How to complete this task
What are the lines from the one containing "Entsprechend seinen Eigenschaften" through the last line of the records below? Return them exactly, leaving out pictures.

Dataset excerpts
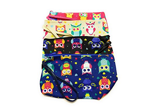 7" x 4" Colorful Owls Cosmetic Bag w/ Wrist Strap
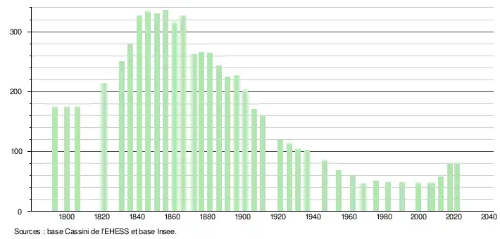L'évolution du nombre d'habitants est connue à travers les recensements de la population effectués dans la commune depuis 1793. Pour les communes de moins de 10 000 habitants, une enquête de recensement portant sur toute la population est réalisée tous les cinq ans, les populations légales des années intermédiaires étant quant à elles estimées par interpolation ou extrapolation[27]. Pour la commune, le premier recensement exhaustif entrant dans le cadre du nouveau dispositif a été réalisé en 2007[28].
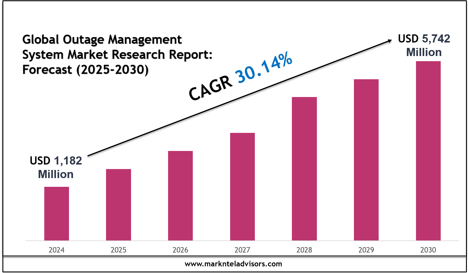 The Global Outage Management System Market size was valued at around USD 1,182 million in 2024 and is expected to reach USD 5,742 million by 2030. Along with this, the market is estimated to grow at a CAGR of around 30.14% during the forecast period, i.e., 2025-30.
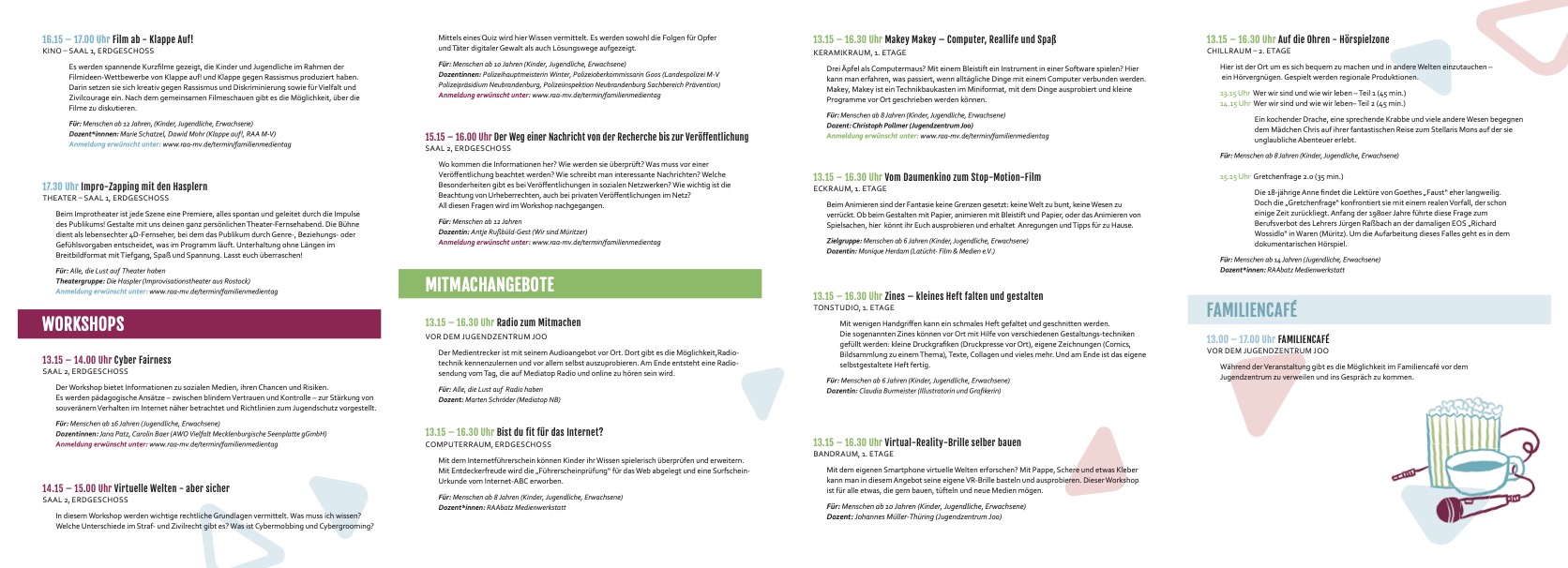 Der „Familien.Medien Tag“ ist eine Veranstaltung der RAAbatz Medienwerkstatt (RAA MV), des Förderverein der Regionalen Schule Waren/West e.V., des Jugendzentrum JOO und der Stadt Waren (Müritz). Gefördert wird er durch die Partnerschaft für Demokratie Waren (Müritz) im Rahmen des Bundesprogramms „Demokratie leben!“.
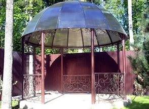 Entsprechend seinen Eigenschaften ist die Metallfliese nicht weit von der Wellpappe entfernt. Im Prinzip ist es ein und dasselbe Material nur mit einer anderen Profilform. Die Metallfliesen auf dem Pavillon sehen vorzeigbarer aus. Dank einer großen Auswahl an Farben und Profilformen ist es möglich, schicke Dächer zu bauen. Der Nachteil des Materials sind die hohen Kosten und die große Abfallmenge bei der Installation auf einem kleinen Dach.
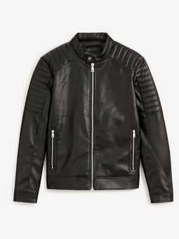 Motorkárska bunda z umelej kože. Na ramenách ozdobné prešitie. So zapínaním na zips. Pri krku stojačik so zapínaním na druk. Dve predné šikmé vrecká na zips. Dlhé rukávy so zipsom. Na vnútornej strane skryté vrecko.
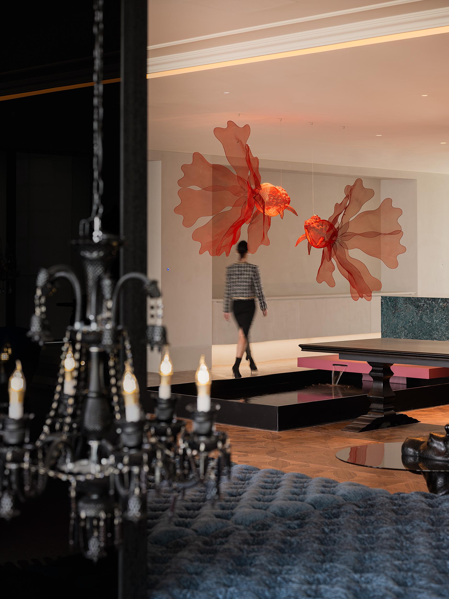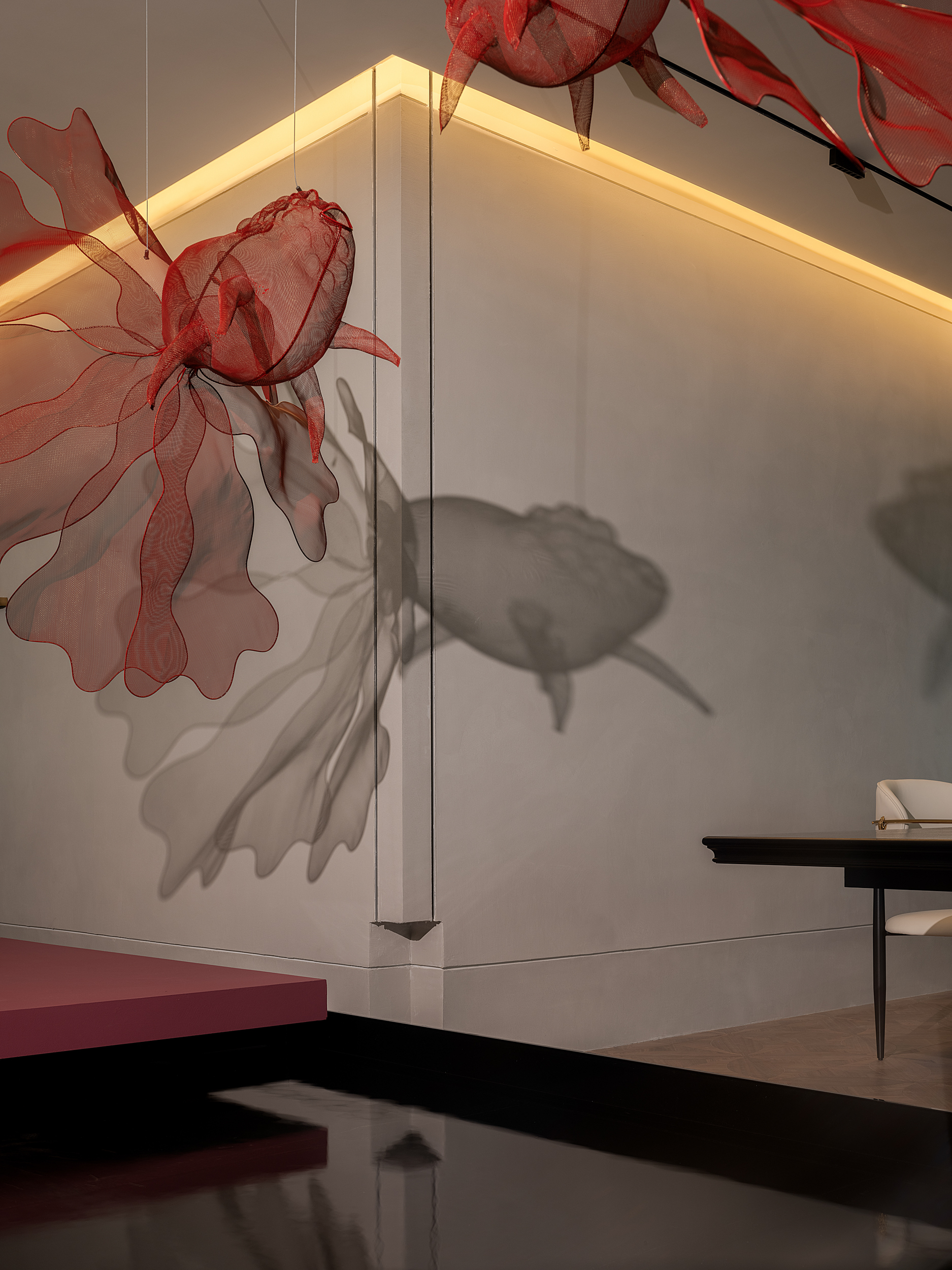 装置空间“游弋”,亦蕴含“鲤鱼越龙门”之意,在此,我们共同提升,赋予更好的自己。

Written reply
 Entsprechend seinen Eigenschaften ist die Metallfliese nicht weit von der Wellpappe entfernt. Im Prinzip ist es ein und dasselbe Material nur mit einer anderen Profilform. Die Metallfliesen auf dem Pavillon sehen vorzeigbarer aus. Dank einer großen Auswahl an Farben und Profilformen ist es möglich, schicke Dächer zu bauen. Der Nachteil des Materials sind die hohen Kosten und die große Abfallmenge bei der Installation auf einem kleinen Dach.
 Motorkárska bunda z umelej kože. Na ramenách ozdobné prešitie. So zapínaním na zips. Pri krku stojačik so zapínaním na druk. Dve predné šikmé vrecká na zips. Dlhé rukávy so zipsom. Na vnútornej strane skryté vrecko.
 装置空间“游弋”,亦蕴含“鲤鱼越龙门”之意,在此,我们共同提升,赋予更好的自己。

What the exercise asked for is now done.